INTERNET GRANDFATHERŽ

 

LOVE(2) [VALENTINE'S DAY 2002] 

+ SHOULDER UPDATE

                            [I wrote this to celebrate Valentine's Day and then missed my intended date. I can't blame it on my shoulder or anything else except poor planning. I hope you'll enjoy it in the spirit given even if it seems late.]

                                   We all enjoy reading or hearing children's comments on serious subjects. In their innocence, they often have surprising insights. A friend recently sent me a list of children's responses to the question "what does love mean?". One answer in particular struck me: "If you want to learn to love better, you should start with a friend whom you hate." (This was from a 6-year old girl.) This child captured a number of ideas in one simple sentence. One, the meaning of love is hard to express in abstract words, it needs to be found in experience. Second, implicitly, we do want to learn to love better. Three, that you can "hate" a friend. And, finally, to love someone you "hate" is the ultimate expression of love.

                                     Love is something we all seek, something we know when we find, but something hard to put into words. In some sense, the ability to love is innate. In my view, we all have the capacity to love. We may repress it, we may never find the occasion to express it, but we all can give love. I watch the most misogynistic, loveless people I know express love for pets. I watch hoodlums express love for their mothers. I've seen enough to know that the ability to love is in everyone, if the right love object is present. I also believe we all have the capacity to receive love. Many of us feel unloved but even the worst of us still hope for love. The mothers of the hoodlums I mentioned, some of the worst people I can imagine, murderers even, love their children. I've tried to define love in words and am not satisfied with my efforts. It's something beyond the strongest "like", it includes a self-less quality, it's beyond the chemical, but these things don't capture love. I'll have to be satisfied with "I know it when I see it."

                                        Notwithstanding my previous thoughts, I think we also all fear that we aren't good at love, that we must improve in order to be loved, that there are things to be learned to make us worth loving. Even a 6-year old speaks of learning to love better. I believe that love is perfect. If we love, we don't need to learn more. If we receive love, we may respond imperfectly but that's because we're ungenerous, ungrateful, blind, not because we need to know more about love.

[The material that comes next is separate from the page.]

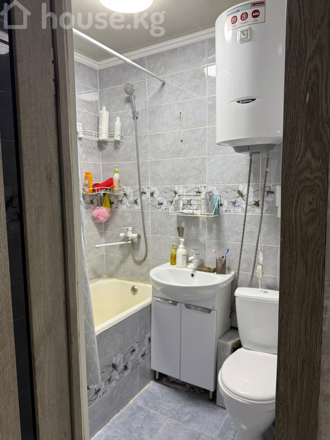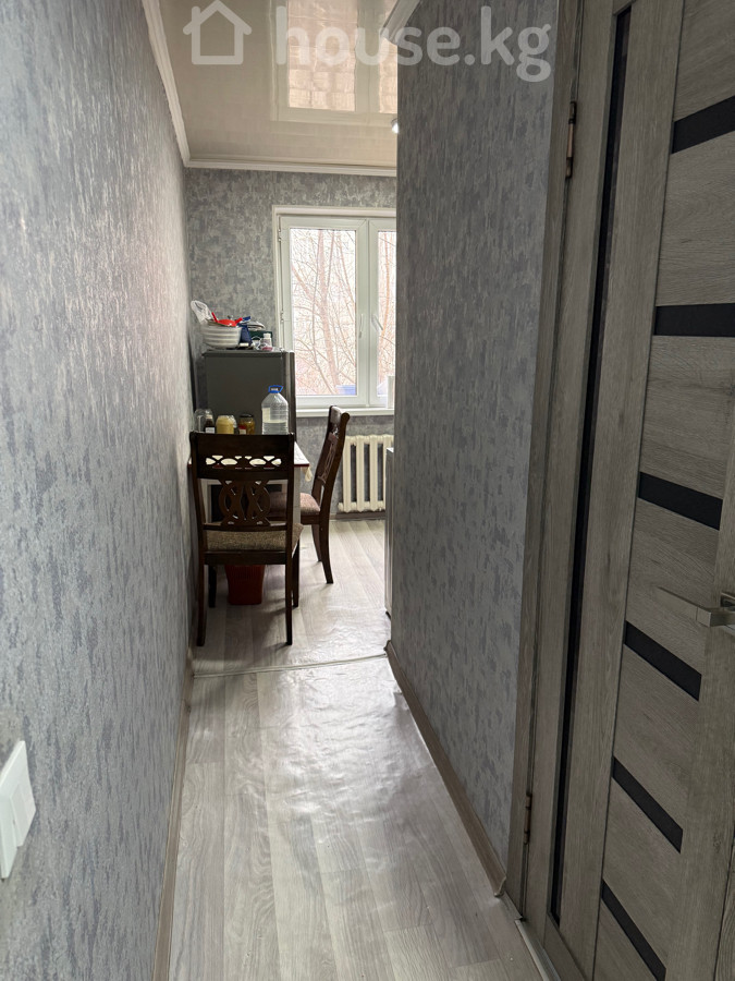 1‑комнатная квартира с отдельной кухней и санузлом(104 серия, 3 этаж)не угловая в 7 микрорайоне ДСК - Планировка: входной коридор с вместительным встроенным шкафом‑купе и антресолями; раздельная кухня; совместный санузел с ванной. - Кухня: два окна ПВХ (одно в комнате, одно на кухне), рабочая стенка с мозаичной плиткой, столешница, встроенная варочная панель газовая на 4 конфорки, духовой шкаф электрический, верхние и нижние шкафы, место под холодильник и стиральную машину. - Санузел: ванна, умывальник с тумбой, зеркало/полка, унитаз, душевая лейка; установлен накопительный водонагреватель. - Отделка: современные межкомнатные двери, натяжные потолки, ламинат по всей квартире, обои в едином спокойном тоне, пластиковые окна. - Дополнительно: радиаторы отопления, домофон; в прихожей предусмотрены полки для обуви и место для инвентаря. Ухоженный зеленый двор, дружелюбные соседи, очень развитая инфраструктура(базар,садики, школы -все рядом, нет шума от трассы, абсолютная тишина) Квартира светлая, аккуратная, с готовой функциональной кухней и полностью оборудованным санузлом. Продается без посредников

                                         One of the things which amused me in the 6-year old's thought was the idea of "hating" a friend and that you could love someone you hate. Of course, we know what she meant: That she was temporarily annoyed at a friend, that she was momentarily disaffected by a friend, that she was angry at a friend. But she also expressed an interesting thought: That you can love and hate someone at the same time. Now she didn't mean love as I mean it. She wasn't talking about deep, undefinable feelings towards others, she was talking about something I might call "like". But she was on to something important. I view love and hate as opposites but I also accept that you can consciously eliminate hatred from your life by trying to love people you might be inclined to hate. And that's my real message here. Hatred is entirely negative, entirely unproductive, completely useless, something we must not feel. Without being sugary, if we can start with the perspective that we will try to love others in the sense the young girl meant it, we will eliminate the emotion of hate from our lives. It's worth a try.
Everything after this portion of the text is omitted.